July  - Poem 16

Butch Baby   / Clayre Benzadon


Wear your carabiner
on your sleeve, err,
pant buckle. Wear 
me like rain.
I don't want to cling
onto you, but your
hard-drawn shoulders
makes it hard for me
to resist. Resistance
is your favorite game.
We play tug o' war
and you win every time,
pulling the rope until
I trip over from friction
and force.
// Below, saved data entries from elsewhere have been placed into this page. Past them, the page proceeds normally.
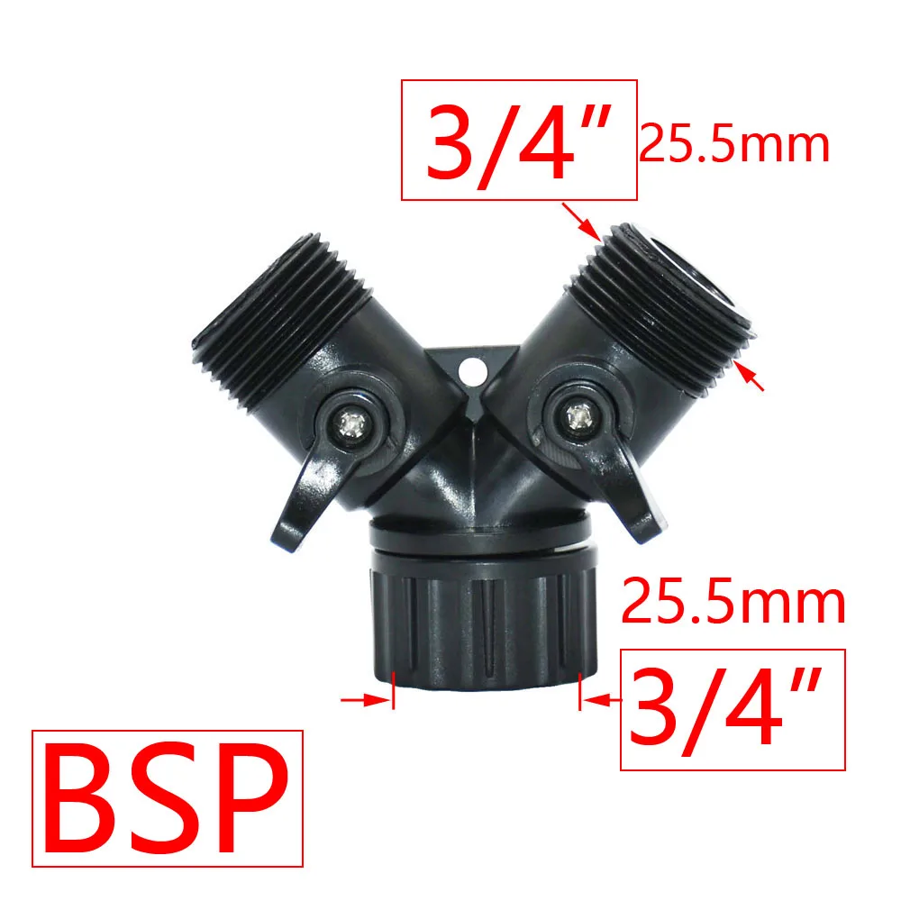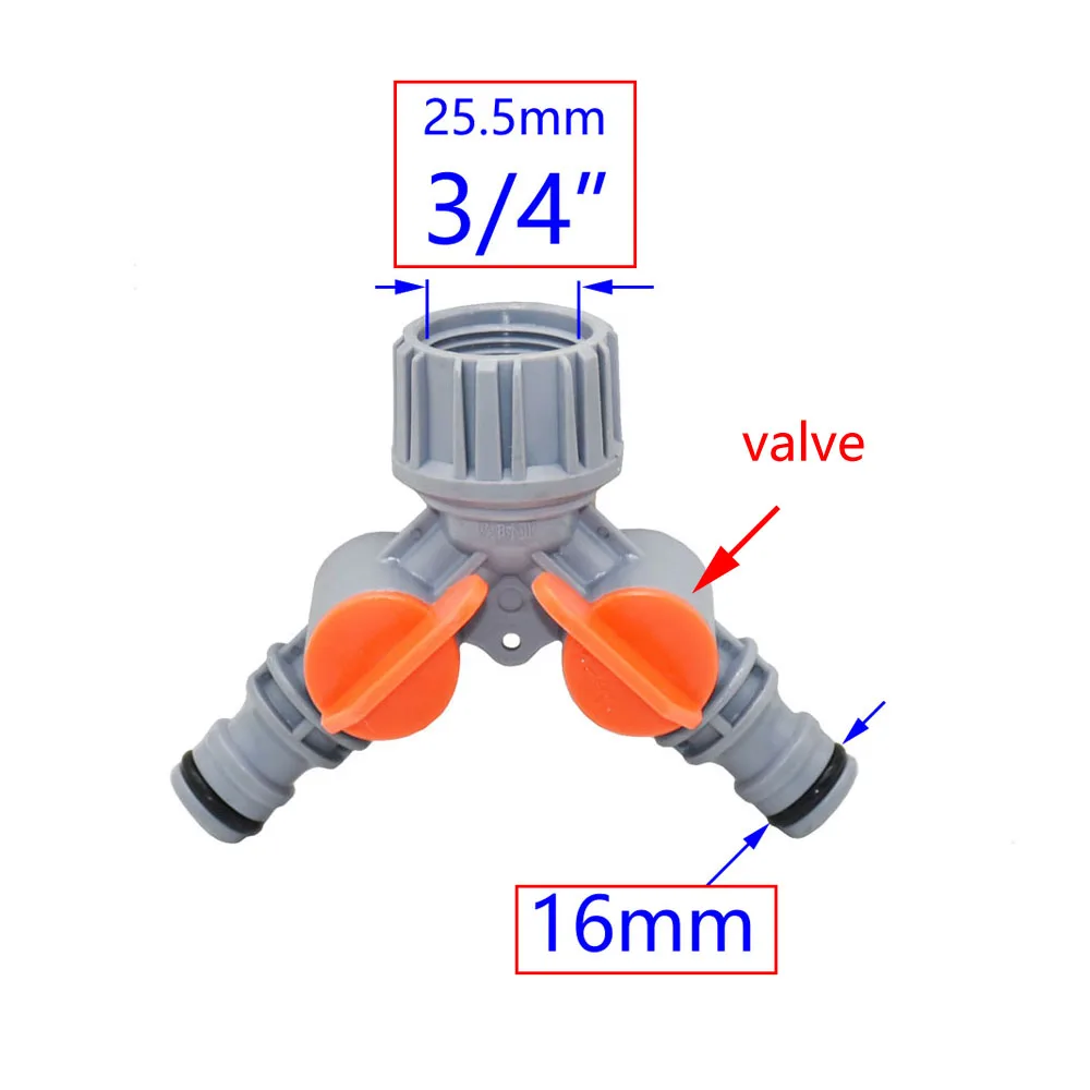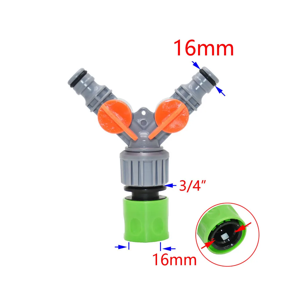 Разветвитель для садового шланга имеет 2 разъема и 2 клапана.
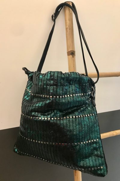 Sac vert brillant lanières ajustables courtes ou longues décoration petits clous argentés Largeur 40cm et Hauteur 35cmLe prix initial était : 40,00€.20,00€Le prix actuel est : 20,00€.
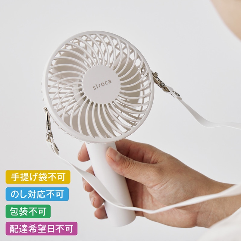 ●USBケーブル・首かけストラップ付。風量調節4段階。充電時間は約3.5時間。使用時間は最大約9.5時間。1年保証書付(SF-H631)。
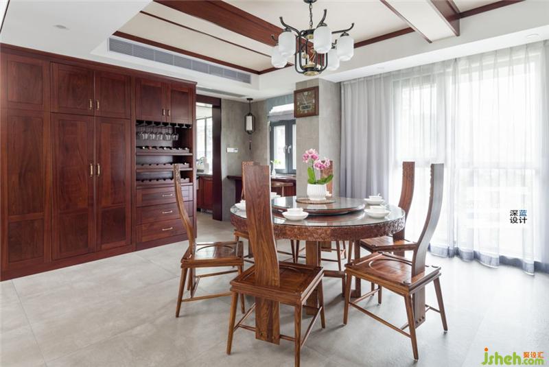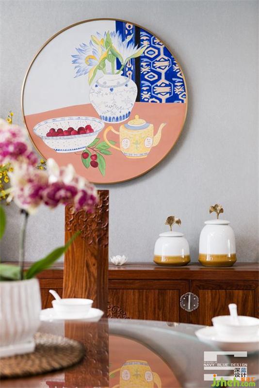 在選材上,運用了中式的材質(zhì)和手法,把中式的古色古香表現(xiàn)得淋漓盡致,卻又不失新潮。深棕木色的新中式配套沙發(fā),融合墻上春意盎然的山水畫、明黃色花瓶,摒棄一切浮夸的裝飾,還原東方的古韻氣息。

You tell me
you feel like a coconut,
 soft on the inside.
Butch baby, I call out
to you:
I don't
buy it.

One Thousand Eight Hundred & Fifty-Two   / RJ Ingram

This game is not for me but alas here I am playing it / This newspaper is not for me but alas here I am skimming it / This website this browser this laptop: again not for me / This room is not for me so I will walk out of it / This building is not for me so I might burn it / This parking lot is not for me so I will get in my car & drive & drive as far away as I can go / This car is not for me so I will abandon it on the freeway / This overpass is not for me so I will wander into the bushes & hope never to return / This field is not for me so I will close my eyes until I’ve left it / These eyes are not for me so I will open them & plant them in the field / This body is not for me so I will drop it next to my eyes / The spirits I pass as I float upwards are not for me so I speed on to the next half baked satellite / This planet I guess must not be for me either / Pshaw.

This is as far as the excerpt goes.